II- Esta penhora não está sujeita a registo, ainda que na herança se integrem bens imóveis ou móveis sujeitos a registo, por não se concretizar em bens certos e determinados, integrando a excepção consagrada na al. c), do nº2, do artigo 5º do Código de Registo Predial.»

Em sentido idêntico, veja-se ainda os Acórdãos do Supremo Tribunal de Justiça, de 29/05/12 (Salazar Casanova), proferido no proc. n.º 1718/03.1TBILH.C1.S1, e de 30/03/06 (Pereira da Silva), proferido no Proc. nº 05B3646; e da Relação do Porto, de 13/05/2003 (Cândido Pelágio Castro Lemos), proc. 0322275, e de 27/04/2004, (Emídio Costa), proc. n.º 0421355).

5. Deste modo, não se pode concluir, como se fez na decisão recorrida, pela inexistência de penhora e pela desnecessidade de recurso da embargante à defesa da sua posse, mediante a dedução dos embargos.

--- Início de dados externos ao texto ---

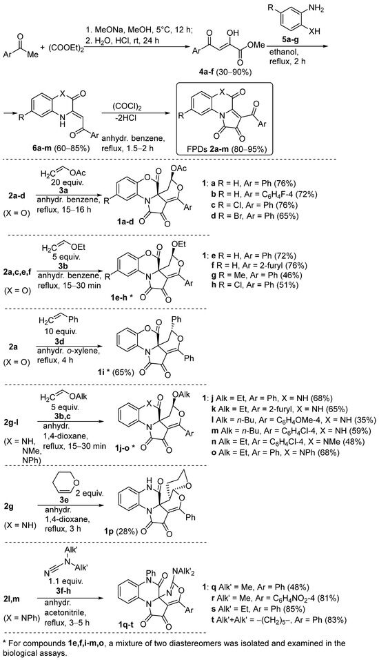 - Kasatkina, S.O.; Titov, M.S.; Stepanova, E.E.; Dmitriev, M.V.; Maslivets, A.N. Synthesis of Pyrano[4′,3′:2,3]pyrrolo[1,2-a]quinoxalines by Reaction of Aroylpyrroloquinoxalines with Alkyl Vinyl Ethers. Russ. J. Org. Chem. 2018, 54, 626–632. [Google Scholar] [CrossRef]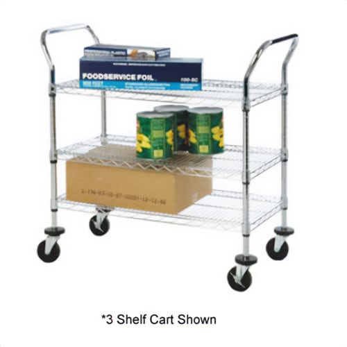 This Darling utility cart includes three shelves with a chromate finish, four 4" casters (2 swivel & 2 swivel with brakes) with bumpers. Great for transporting items from place to place, or just for storage.

Claro que o exequente poderá ter perdido o interesse na manutenção da penhora, como parece resultar da resposta do AE, mas, como diz a recorrente, não desistiu da penhora, e, por conseguinte, mantendo-se a penhora, não ocorre o invocado fundamento para rejeição dos embargos por manifesta improcedência, como se decidiu.

6. Em consequência, procede a apelação, com a consequente revogação do despacho recorrido, que deverá ser substituído por outro que admita os embargos, prosseguindo os autos os seus termos, se outra causa não sobrevier que a tal impeça."